Abbreviating long file paths with `verbose_abbreviated_path`¶

Pipelines often produce interminable lists of deeply nested filenames. It would be nice to be able to abbreviate this to just enough information to follow the progress.

The verbose_abbreviated_path parameter specifies that pipeline_printout(...) and pipeline_run(...) only display
the NNN th top level sub-directories to be included, or that

the message to be truncated to a specified `MMM characters (to fit onto a line, for example). MMM is specified by setting verbose_abbreviated_path = -MMM, i.e. negative values.

Note that the number of characters specified is just the separate lengths of the input and output parameters, not the entire indented line. You many need to specify a smaller limit that you expect (e.g. 60 rather than 80)
pipeline_printout(verbose_abbreviated_path = NNN)
pipeline_run(verbose_abbreviated_path = -MMM)
verbose_abbreviated_path defaults to 2

For example:
Given ["aa/bb/cc/dddd.txt", "aaa/bbbb/cccc/eeed/eeee/ffff/gggg.txt"]
 # Original relative paths
 "[aa/bb/cc/dddd.txt, aaa/bbbb/cccc/eeed/eeee/ffff/gggg.txt]"

 # Full abspath
 verbose_abbreviated_path = 0
 "[/test/ruffus/src/aa/bb/cc/dddd.txt, /test/ruffus/src/aaa/bbbb/cccc/eeed/eeee/ffff/gggg.txt]"

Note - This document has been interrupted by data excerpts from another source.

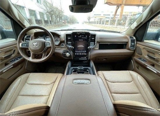 道奇公羊内部设计上还是延续了美式那种比较粗犷的风格,规整的中控台设计看上去比较死板,但丰富的配置会让你不由得为其称赞,中控台的设计简洁硬派,符合公羊的气质,仪表盘底边有花纹,则更加凸显了这款车的文雅性,软性材质的仪表台设计,摸上去手感非常舒服,并无些许生硬之处。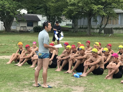 | 人員確認、無事終了。 | 最後に集合写真。明日はいよいよ遠泳です。 |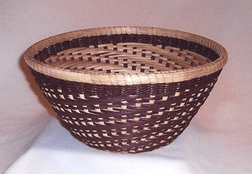 An intermediate-level basket project, the Dakota is woven on a 6 inch double-slotted wooden base, weaving the inside basket first followed by the outside basket. Stakes are joined at the top and rimmed together. Quite a unique basket. Finished size: 12 inches diameter by 6 inches tall. Another great pattern by Annetta Kraayeveld.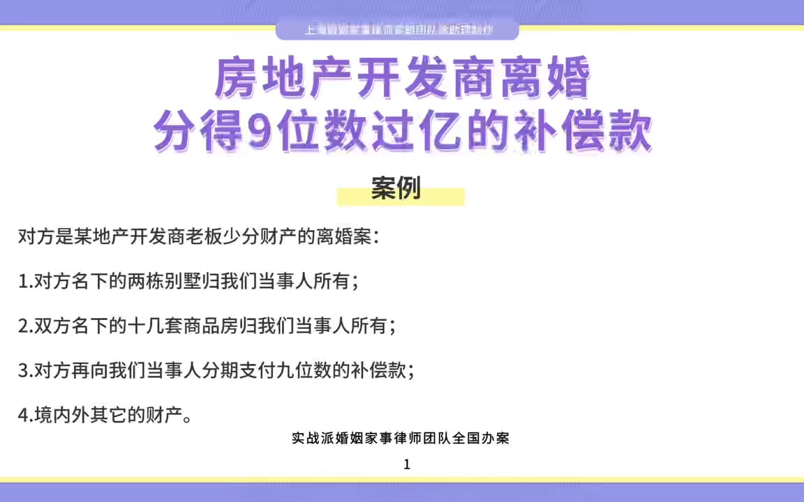 0次播放 | 00:12上海婚姻家事律师梁聪律师团队原创:房地产开发商离婚,分得9位数过亿的补偿款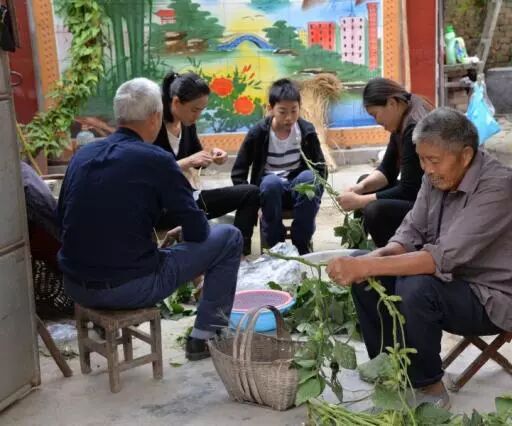 也许,在乡村最快乐的时光,就是和家人一起干活的日子了,大家有说有笑,摘着采撷回来的青豆,也带回了满院子的温馨。
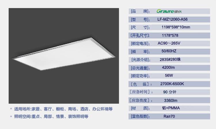 寿命:50000(H)尺寸:1198*598*10(mm)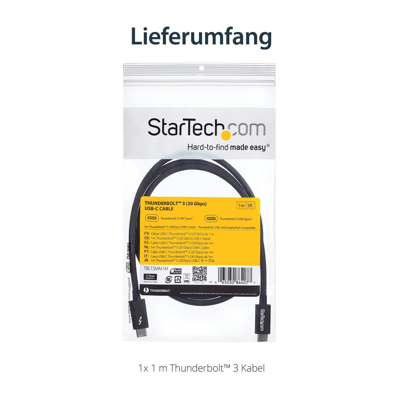 StarTech.com 1m (3.3ft) Passive Thunderbolt 3 Cable, 20Gbps, 100W PD, 4K Video, Thunderbolt Cable, Compatible with USB4/DP Alt Mode, Thunderbolt 4, USB 3.2/Type-C (TBLT3MM1M) Sale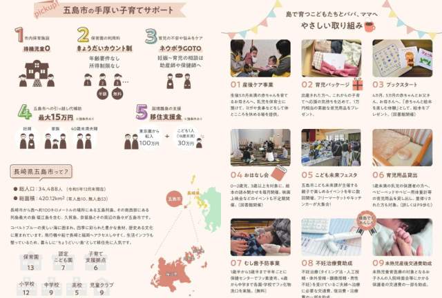 五島市の子育てに役立つ情報を一冊にまとめました。UIターンの方もぜひ手に取ってご覧ください。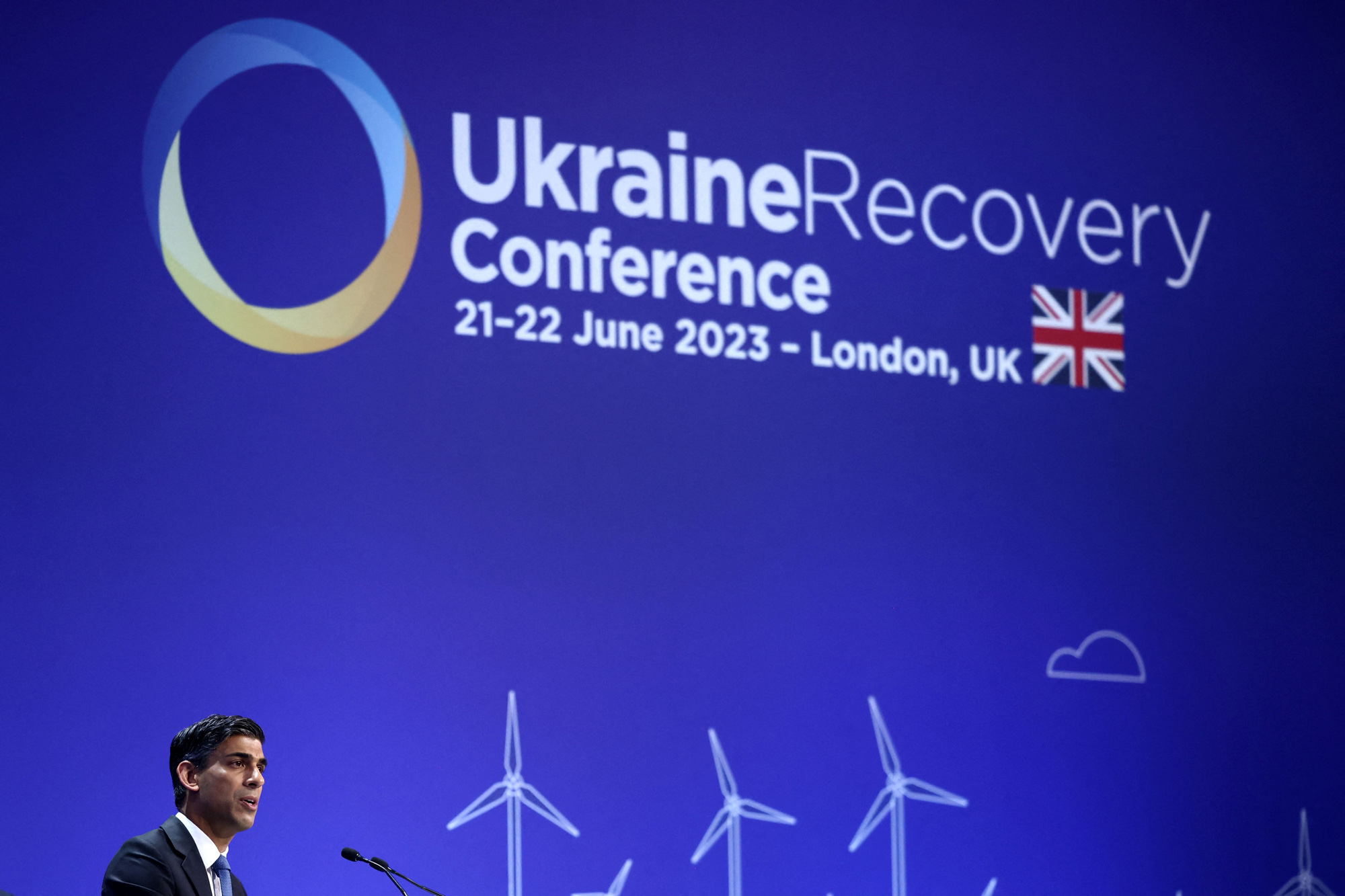 里什·苏纳克在6月21日伦敦举行的乌克兰复苏大会上发言。摄影师:亨利·尼科尔斯/法新社/盖蒂图片社苏纳克告诉大会代表们,这一保险框架“是向帮助保险公司承保对乌克兰的投资迈出的一大步,消除了最大的障碍之一,并给予投资者他们行动所需的信心”。

 # Specifed level of nested directories
 verbose_abbreviated_path = 1
 "[.../dddd.txt, .../gggg.txt]"

 verbose_abbreviated_path = 2
 "[.../cc/dddd.txt, .../ffff/gggg.txt]"

 verbose_abbreviated_path = 3
 "[.../bb/cc/dddd.txt, .../eeee/ffff/gggg.txt]"


 # Truncated to MMM characters
 verbose_abbreviated_path = -60
 "<???> /bb/cc/dddd.txt, aaa/bbbb/cccc/eeed/eeee/ffff/gggg.txt]"

Getting a list of all tasks in a pipeline¶

If you just wanted a list of all tasks (Ruffus decorated function names), then you can just run Run pipeline_get_task_names(...).

This doesn’t touch any pipeline code or even check to see if the pipeline is connected up properly.

However, it is sometimes useful to allow users at the command line to choose from a list of possible tasks as a target.